TASK GOAL: Only the lines below from the one containing "Goldman’s regression test" through the last line should be set down, exactly as written and with no pictures.

(Dataset records)
..............................

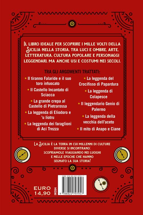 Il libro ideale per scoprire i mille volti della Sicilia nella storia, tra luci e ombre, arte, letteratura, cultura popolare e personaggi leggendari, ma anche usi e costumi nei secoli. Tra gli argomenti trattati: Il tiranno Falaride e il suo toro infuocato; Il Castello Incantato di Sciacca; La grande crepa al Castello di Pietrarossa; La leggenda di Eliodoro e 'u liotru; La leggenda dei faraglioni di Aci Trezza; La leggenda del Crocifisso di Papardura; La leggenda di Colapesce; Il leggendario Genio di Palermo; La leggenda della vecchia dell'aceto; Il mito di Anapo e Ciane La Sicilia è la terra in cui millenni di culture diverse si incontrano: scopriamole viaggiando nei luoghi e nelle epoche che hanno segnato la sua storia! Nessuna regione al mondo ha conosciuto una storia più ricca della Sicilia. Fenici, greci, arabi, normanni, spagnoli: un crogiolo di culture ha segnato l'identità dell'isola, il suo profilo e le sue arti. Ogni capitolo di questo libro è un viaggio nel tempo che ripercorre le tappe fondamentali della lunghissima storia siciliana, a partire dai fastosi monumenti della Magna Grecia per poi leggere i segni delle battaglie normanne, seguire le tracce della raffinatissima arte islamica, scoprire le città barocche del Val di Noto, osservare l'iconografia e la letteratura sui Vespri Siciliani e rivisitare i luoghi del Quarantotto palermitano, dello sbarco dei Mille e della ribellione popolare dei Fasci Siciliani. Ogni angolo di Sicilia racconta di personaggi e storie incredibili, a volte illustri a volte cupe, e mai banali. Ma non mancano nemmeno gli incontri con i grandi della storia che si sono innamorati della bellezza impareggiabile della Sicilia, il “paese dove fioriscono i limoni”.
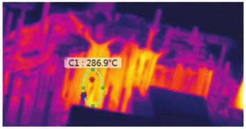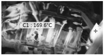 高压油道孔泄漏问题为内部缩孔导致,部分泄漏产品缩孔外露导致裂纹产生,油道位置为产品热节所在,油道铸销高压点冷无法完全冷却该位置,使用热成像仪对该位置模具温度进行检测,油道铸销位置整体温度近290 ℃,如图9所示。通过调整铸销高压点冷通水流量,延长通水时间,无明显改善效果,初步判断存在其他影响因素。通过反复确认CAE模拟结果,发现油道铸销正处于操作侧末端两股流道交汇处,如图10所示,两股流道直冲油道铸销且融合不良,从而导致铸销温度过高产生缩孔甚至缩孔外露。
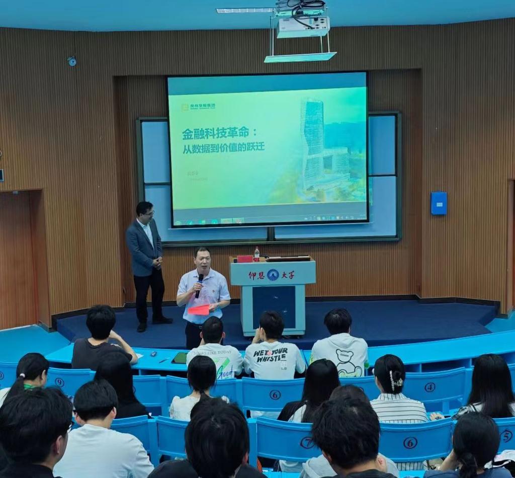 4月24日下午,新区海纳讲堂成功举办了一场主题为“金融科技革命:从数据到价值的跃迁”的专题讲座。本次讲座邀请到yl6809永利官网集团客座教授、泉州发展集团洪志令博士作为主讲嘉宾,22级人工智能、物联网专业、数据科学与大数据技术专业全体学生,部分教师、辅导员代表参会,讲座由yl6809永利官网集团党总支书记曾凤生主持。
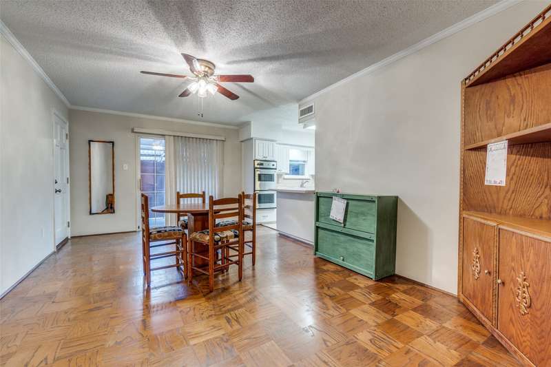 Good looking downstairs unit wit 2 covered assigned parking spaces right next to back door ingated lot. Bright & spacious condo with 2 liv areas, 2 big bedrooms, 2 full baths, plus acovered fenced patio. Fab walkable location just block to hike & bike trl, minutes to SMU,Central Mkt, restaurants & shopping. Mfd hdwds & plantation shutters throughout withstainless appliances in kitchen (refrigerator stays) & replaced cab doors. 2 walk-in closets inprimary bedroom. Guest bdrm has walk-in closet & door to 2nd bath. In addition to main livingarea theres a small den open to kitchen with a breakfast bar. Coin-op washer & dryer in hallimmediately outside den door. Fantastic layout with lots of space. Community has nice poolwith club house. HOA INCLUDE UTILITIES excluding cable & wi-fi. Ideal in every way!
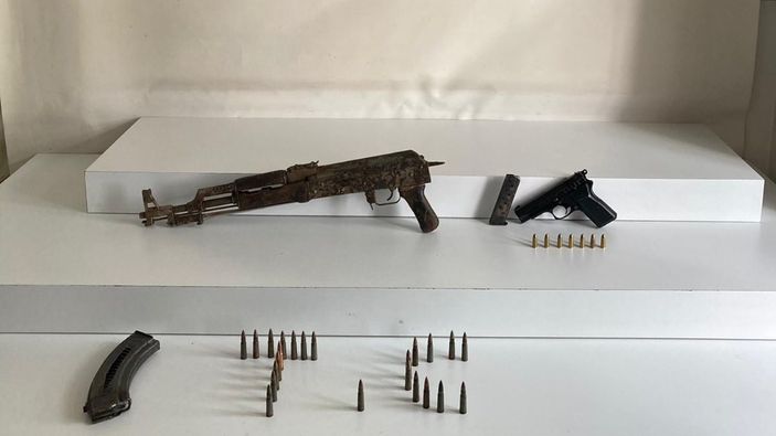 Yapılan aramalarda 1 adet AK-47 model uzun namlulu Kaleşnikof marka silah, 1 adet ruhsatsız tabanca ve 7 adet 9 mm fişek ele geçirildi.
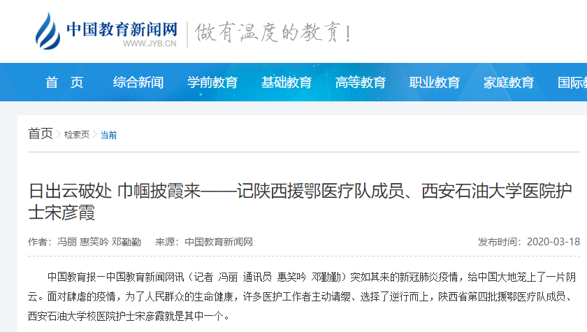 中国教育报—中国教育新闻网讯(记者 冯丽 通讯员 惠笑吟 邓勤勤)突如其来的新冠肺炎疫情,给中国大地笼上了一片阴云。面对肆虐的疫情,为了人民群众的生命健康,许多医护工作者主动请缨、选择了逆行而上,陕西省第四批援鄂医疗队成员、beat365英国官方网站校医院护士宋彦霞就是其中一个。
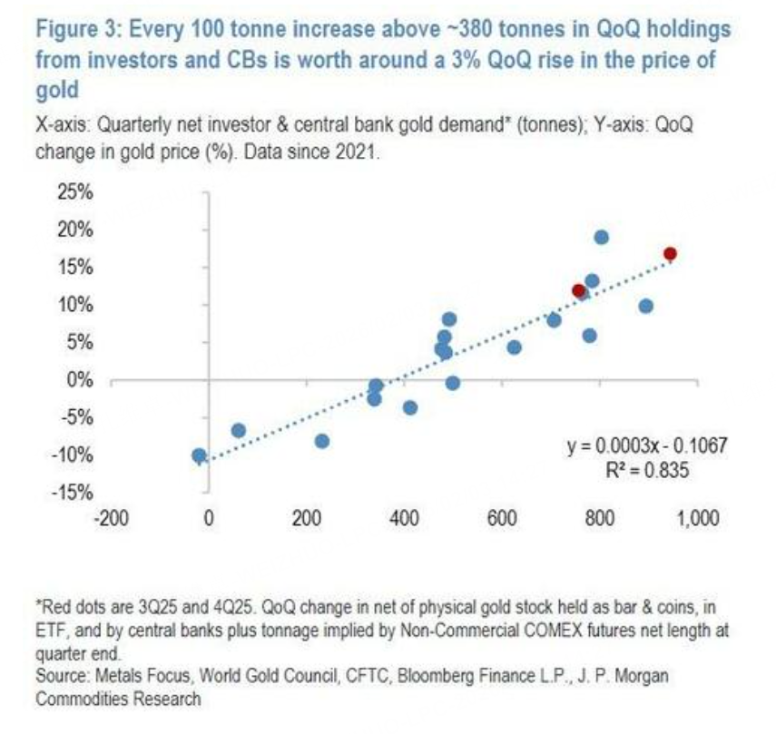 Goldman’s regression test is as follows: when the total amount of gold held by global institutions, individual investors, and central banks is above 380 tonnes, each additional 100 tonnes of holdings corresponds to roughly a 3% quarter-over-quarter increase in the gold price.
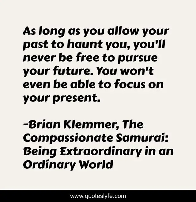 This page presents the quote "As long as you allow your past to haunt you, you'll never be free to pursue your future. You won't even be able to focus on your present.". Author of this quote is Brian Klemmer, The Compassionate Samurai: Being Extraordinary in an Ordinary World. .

..............................

ANSWER BOX:
 Goldman’s regression test is as follows: when the total amount of gold held by global institutions, individual investors, and central banks is above 380 tonnes, each additional 100 tonnes of holdings corresponds to roughly a 3% quarter-over-quarter increase in the gold price.
 This page presents the quote "As long as you allow your past to haunt you, you'll never be free to pursue your future. You won't even be able to focus on your present.". Author of this quote is Brian Klemmer, The Compassionate Samurai: Being Extraordinary in an Ordinary World. .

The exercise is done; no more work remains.